# New beekeeper installing bees in a TBH



## MartinW (Feb 28, 2015)

Wyatt Mangum has some good vids on installing packages in TBHs.

My take on your questions base on my experience and his book. 

1. Follower boards are optional
2. Hang queen cage candy down to avoid queen being trapped by candy
3. You can hang queen about a foot from entrance
4. Depends on available nectar flow in your area

Finally, check out the queen introduction tips in the queen bee forum. I found it very helpful. 

Good luck.


----------



## AvatarDad (Mar 31, 2016)

My package built about 3 bars a week for the first several weeks. If you start them with 8 or 9 bars that should be plenty.

I think the big thing on the queen cage is to not leave it in there a long time. You should be checking/removing it on day 3 or 4 at latest.


----------



## Rydalch (Mar 29, 2016)

I'm brand new at this too, and just installed my first package on May 9. Here is what I've done in regards to your questions, and the bees have been happy and doing a fantastic job!
1. I gave them 10 bars of space, just like Christy Hemenway recommended in her book and video about installing new packages: http://www.goldstarhoneybees.com/default.asp
2. I used a push pin to attach the plastic strip on the cage to the middle of the bar with the candy entrance facing down - that's just how the plastic strip on the cage was fastened, I would have had to engineer something if I were to try and hang the cage any other way.
3. I hung my queen cage on the 4th bar from the front of the hive where the entrances are.
4. I had sugar water in the hive when I first installed them and have been feeding them ever since. I'm going to continue feeding them this whole season but after this I won't feed them again unless an emergency comes up (coming out of winter with low stores and having a late frost that kills blooms - or something like that). 

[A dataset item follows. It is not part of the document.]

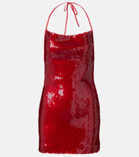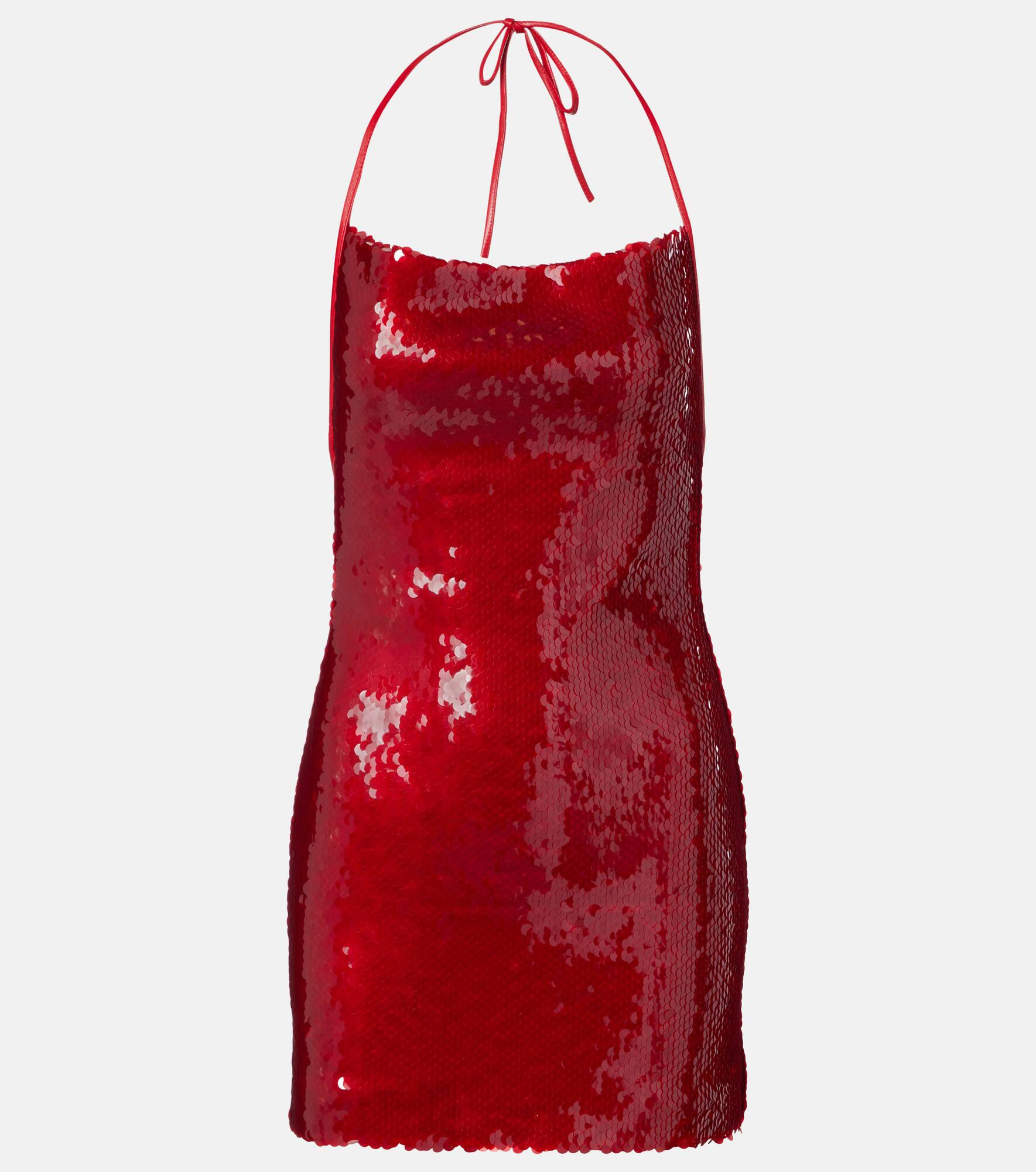 David Koma's glamorous styles are the key to making an entrance when it matters the most. This bold minidress is covered by all-over sequins and has a self-tie halterneck silhouette. Product Details - Material: 90% polyester, 10% polyamide - Care instructions: do not wash - Made in the UK - Designer color name: Red - Item color: red - Lining: 64% viscose, 36% polyester - Trim: 100% leather - Closure: concealed zipper, self-ties - Item number: P01051681 Size & Fit - True to size - Petite sizing - Low back - Cinched waist - Non-stretchy fabric - The model seen in the picture is 178cm-5'10" and wearing a size UK 8

Good luck! It sure is a fun adventure!


----------



## Rww930 (Mar 14, 2016)

I'm new but in an effort to be helpful here's what I have experienced...free release the queen in the hive-I did and she got right down to business. Combs are perfect and located where she wants them, on the guidebar of course.

I fed 1:1 with no problems.

I put about 12 bars with a follower closing the rest of the hive. After a few weeks small hive larvae were crawling around. I shrunk the hive to 8 full bars and one empty. Small hive beetles disappeared. In other words I found out too much space can be bad.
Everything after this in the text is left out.